Start of DATA TO EXAMINE

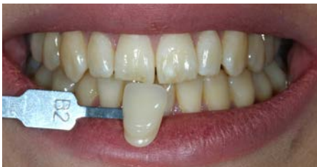
Voor Boutique Whitening
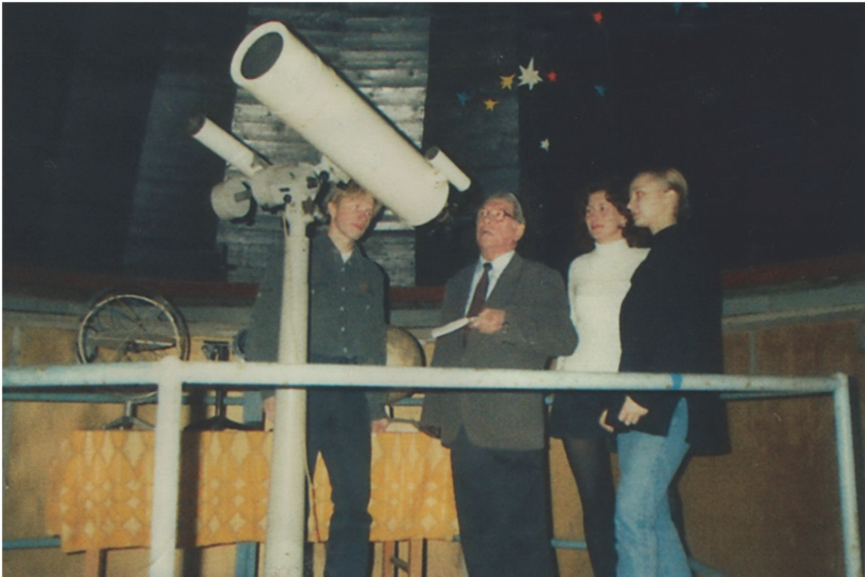
Заняття у астрономічній обсерваторії
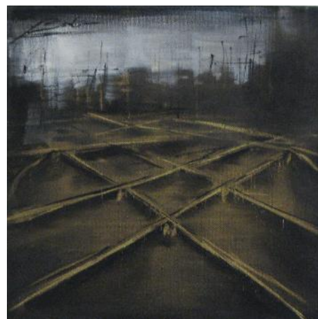
Senza titolo tecnica mista su tela 30x30 cm
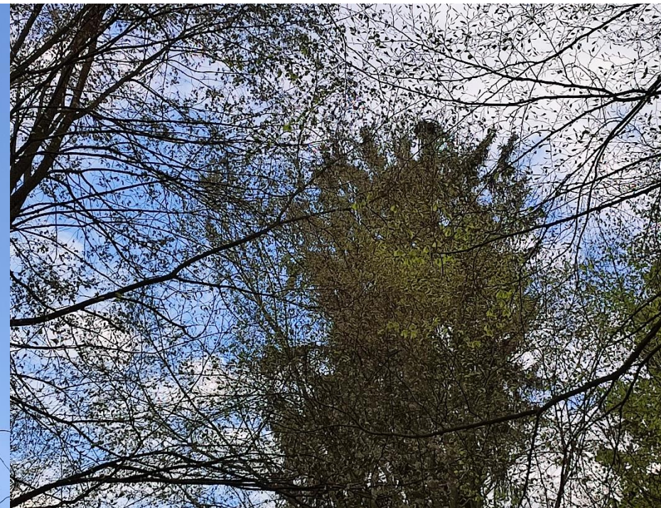
Ryc. 6. Platforma dla rybołowa w leśnictwie Ławica oddz. [REDACTED], stan na 28.04.2022 r.
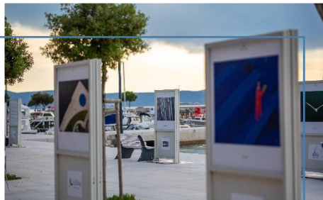
Izložba na otvorenom "Prijatelji mora: Geometrije" u Njivicama.

Sunday Jazz & World music 09. srpnja – Jan Sturiale kvartet u Omišlju
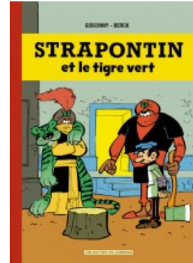
Strapontin - Intégrale
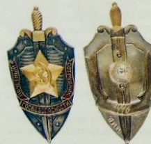
2.16. Знак Почетный сотрудник госбезопасности (1957–1991). Вариант 6 Номер: 7446 Мастерская: ММД Металл: томпок, оксидирование Цена: 60 000 Р
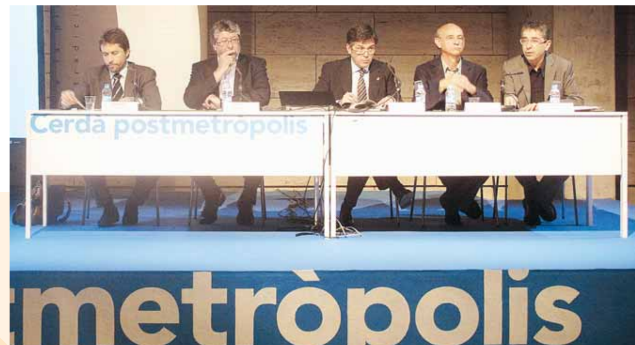
L'alcalde del Papiol al costat de l'alcalde de Cornellà, l'alcalde de Sant Cugat, l'alcalde de Tiana i el Delegat de Cultura de Barcelona

del centre de Barcelona al centre del nostre poble en transport públic, necessitaves més d'una hora, ara hem pogut reduir el temps a la meitat... De fet, si tots els municipis millorem el nostre territori, l'Àrea guanya. Si l'Àrea guanya, la fem més competitiva internacionalment. El Citilab de Cornellà, un nou poliesportiu a Tiana, el Campus d'Esade a Sant Cugat, un millor aeroport al Prat, l'arribada de l'AVE a Barcelona... Cadascú ha de treballar en la mesura de les seves possibilitats, però en una mateixa direcció, amb un mateix interès: el benestar dels nostres ciutadans. Entre tots sumem una nova realitat urbana, una realitat que s'ha d'institucionalitzar... i aquesta voluntat política d'esdevenir tots junts aquesta entitat administrativa de caràcter plurimunicipal és la que ens permetrà resoldre diferents problemes que tenim, tots, de forma mancomunada: • Ens permetrà adquirir una massa crítica de població econòmica i de serveis, • ens permetrà planificar el territori perquè esdevingui sostenible, cohesionat i competitiu, • ens permetrà seguir treballant per fer de l'àrea un dels motors d'Europa i de la Mediterrània. Per l'àrea, els anys en què per un costat els socialistes i per l'altre els convergents van

End of DATA TO EXAMINE

# ABOUT THIS TASK:
Give all the entries again exactly, dropping each picture.

# SOLUTION TO THIS EXERCISE:
Voor Boutique Whitening
Заняття у астрономічній обсерваторії
Senza titolo tecnica mista su tela 30x30 cm
Ryc. 6. Platforma dla rybołowa w leśnictwie Ławica oddz. [REDACTED], stan na 28.04.2022 r.
Izložba na otvorenom "Prijatelji mora: Geometrije" u Njivicama.

Sunday Jazz & World music 09. srpnja – Jan Sturiale kvartet u Omišlju
Strapontin - Intégrale
2.16. Знак Почетный сотрудник госбезопасности (1957–1991). Вариант 6 Номер: 7446 Мастерская: ММД Металл: томпок, оксидирование Цена: 60 000 Р
L'alcalde del Papiol al costat de l'alcalde de Cornellà, l'alcalde de Sant Cugat, l'alcalde de Tiana i el Delegat de Cultura de Barcelona

del centre de Barcelona al centre del nostre poble en transport públic, necessitaves més d'una hora, ara hem pogut reduir el temps a la meitat... De fet, si tots els municipis millorem el nostre territori, l'Àrea guanya. Si l'Àrea guanya, la fem més competitiva internacionalment. El Citilab de Cornellà, un nou poliesportiu a Tiana, el Campus d'Esade a Sant Cugat, un millor aeroport al Prat, l'arribada de l'AVE a Barcelona... Cadascú ha de treballar en la mesura de les seves possibilitats, però en una mateixa direcció, amb un mateix interès: el benestar dels nostres ciutadans. Entre tots sumem una nova realitat urbana, una realitat que s'ha d'institucionalitzar... i aquesta voluntat política d'esdevenir tots junts aquesta entitat administrativa de caràcter plurimunicipal és la que ens permetrà resoldre diferents problemes que tenim, tots, de forma mancomunada: • Ens permetrà adquirir una massa crítica de població econòmica i de serveis, • ens permetrà planificar el territori perquè esdevingui sostenible, cohesionat i competitiu, • ens permetrà seguir treballant per fer de l'àrea un dels motors d'Europa i de la Mediterrània. Per l'àrea, els anys en què per un costat els socialistes i per l'altre els convergents van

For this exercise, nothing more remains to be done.